Auckland's Hilton hotel is adding 21 rooms on its top floor in the area that used to be a luxury apartment.
The work comes as the chain celebrates 100 years and aggressively expands around the world.
The hotel on Princes Wharf is gearing up for a forecast surge of visitors in the city for the America's Cup in 2021 and for Apec meeting later that year.
During summer, the hotel can charge well over $1000 for its suites and the eighth-floor transformation will add to 166 rooms and suites already in the hotel on Princes Wharf.
It will include a ''bow suite'', which has 270-degree views of the harbour, in the front of what was once an apartment touted as the country's biggest and most expensive apartment - once with an asking price of $10 million.
The 911sqm apartment was once owned by failed property developer and one-time rich lister, David Henderson. In 2014 it was sold for just $900,000 in a mortgagee sale.

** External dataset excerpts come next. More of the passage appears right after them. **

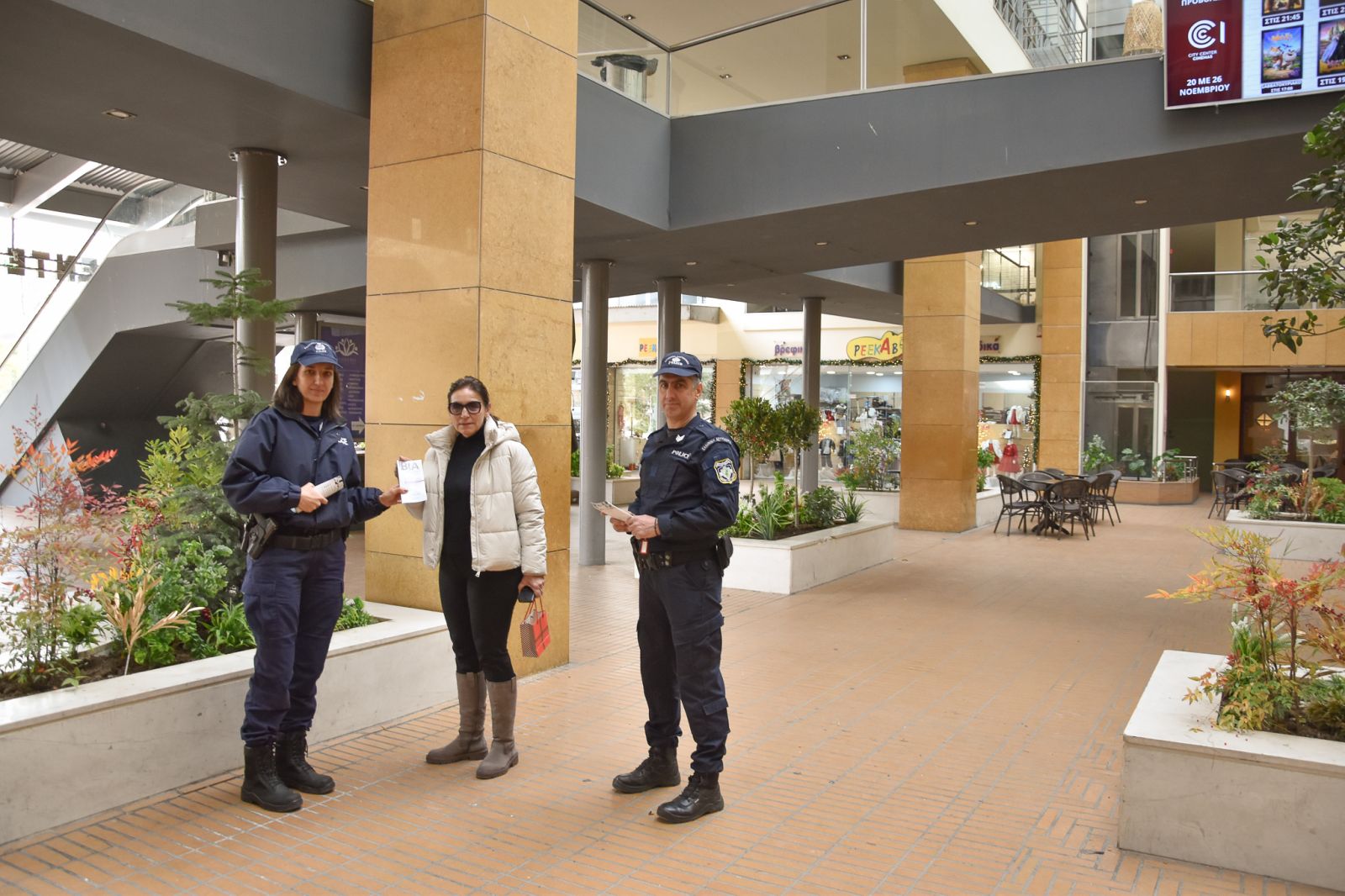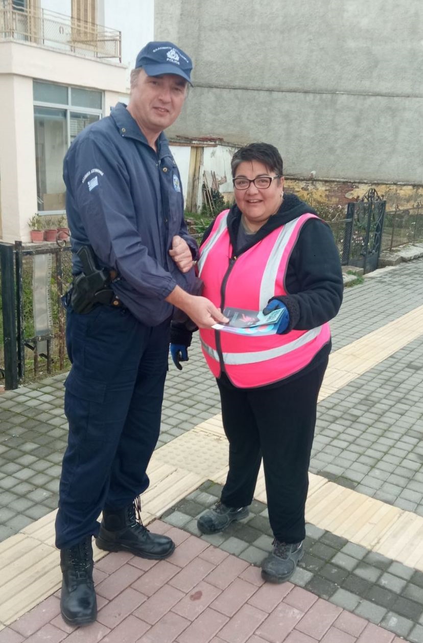 Διανεμήθηκαν σε πολίτες ενημερωτικά φυλλάδια με συμβουλευτικό περιεχόμενο για την πρόληψη και την αντιμετώπιση περιστατικών βίας κατά των γυναικών.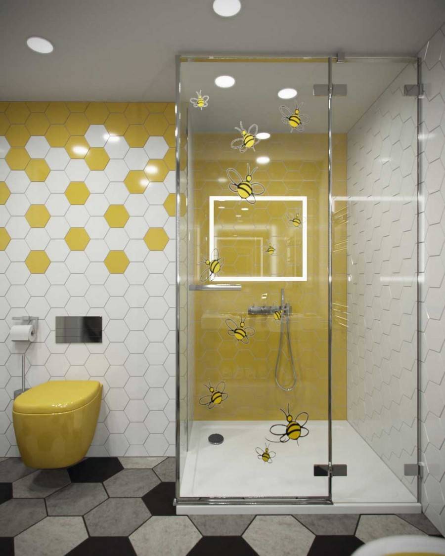 - стены отделаны плиткой горчичного цвета, имитирующей кирпич; стена, по которой расположена ванна, облицована полностью, другие стены — на половину высоты, выше стены окрашены светло-бежевой краской;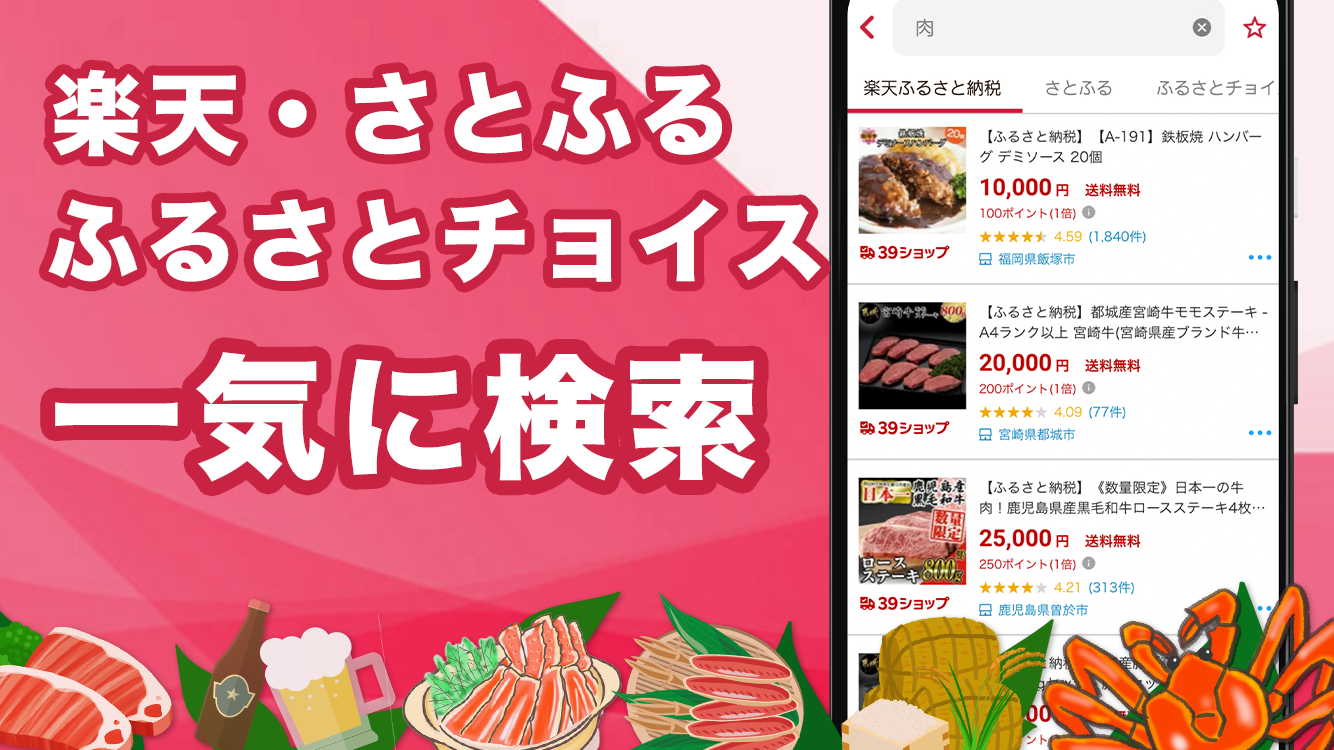 ふるさと納税 返礼品検索・比較アプリなら、特に人気の「楽天」「さとふる」「ふるさとチョイス」の返礼品を一括検索できます。

The owners of the Hilton site, M&L Hospitality, expect to finish the new hotel floor later this year.
Hilton Auckland manager Adrian Teh says the completion date was something of a ''moving target'' for the Auckland property that turns 18 this year.

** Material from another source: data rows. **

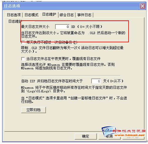 3、日志维护:对于流量特别大的企业,日志会很大,那么可以在此处设置归档符合条件的日志,具体可以调整设置: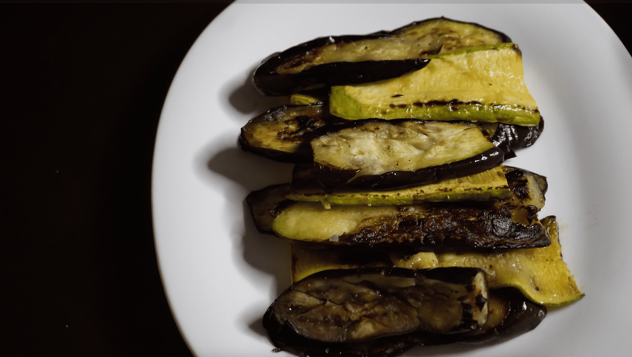 팬에 가지와 애호박을 노릇하게 구워줍니다.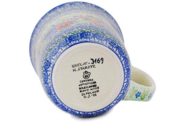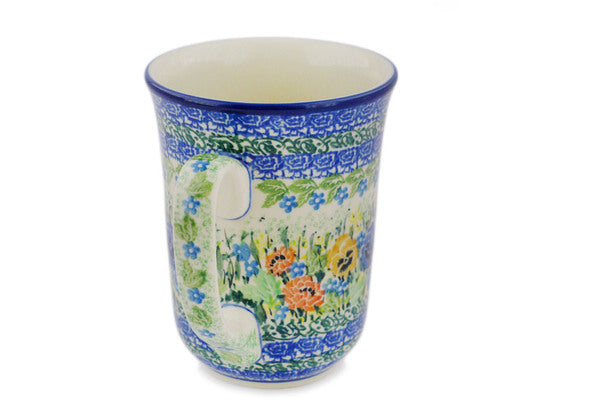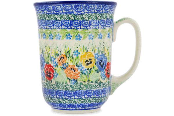 This Polish pottery Mug is made by Ceramika Artystyczna workshop in Boleslawiec, Poland. Manufacturer item number H8027Q. It is 5" high and measures 5" by 4". The capacity of this Mug is 17.4 oz when filled to rim and it weighs 1.1 lbs. The pattern was designed by artist Maria Starzyk. It is part of the Pansy Dance Collection.

Hotel yields in Auckland had been growing strongly since around 2015 but have softened in the past year as tourists travel in greater numbers to other parts of the country and more hotels are opened in the city.

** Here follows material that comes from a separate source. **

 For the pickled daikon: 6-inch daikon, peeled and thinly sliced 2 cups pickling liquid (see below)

''While I think that more supply allows us to review what we do and the services we offer, I think generally in the lead-up to the America's Cup and Apec in 2021 the demand is still there,'' Teh said.
Stephen Hamilton, managing director of hotel, tourism and leisure experts, Horwath HTL, said there would be a 16 per cent increase in hotel room supply in 2019/20 over the total in this year which stands at about 9600 beds.
Average Auckland room rates softened slightly in 2018 (by as much as 2 per cent on 2017) but still were up to 13 per cent on 2016.
''It looks as if the trend of reducing occupancies and room rates in Auckland hotels which was starting in the latter part of 2018 is continuing in 2019.''
That trend was not seen in other parts of the country.
''There is evidence that hotel performance in several regional centres has been continuing to improve. Regional dispersal appears to be happening – at least as far as hotels are concerned,'' Hamilton said.
Hilton has hotels, resorts and its Double Tree-branded properties in Napier, Taupō, Christchurch and Queenstown.
Teh said there was growing demand for highly personalised service in hotels and developing technology.
Some Hilton guests could skip check-in with a ''digital key'' on their smart phone and the chain was developing an app that would allow them from anywhere in the world to set up the room at their next destination.
One traditional hotel feature that wouldn't be changing was mini bars, a feature Hilton pioneered in the 1970s but which was falling out of favour with some other chains.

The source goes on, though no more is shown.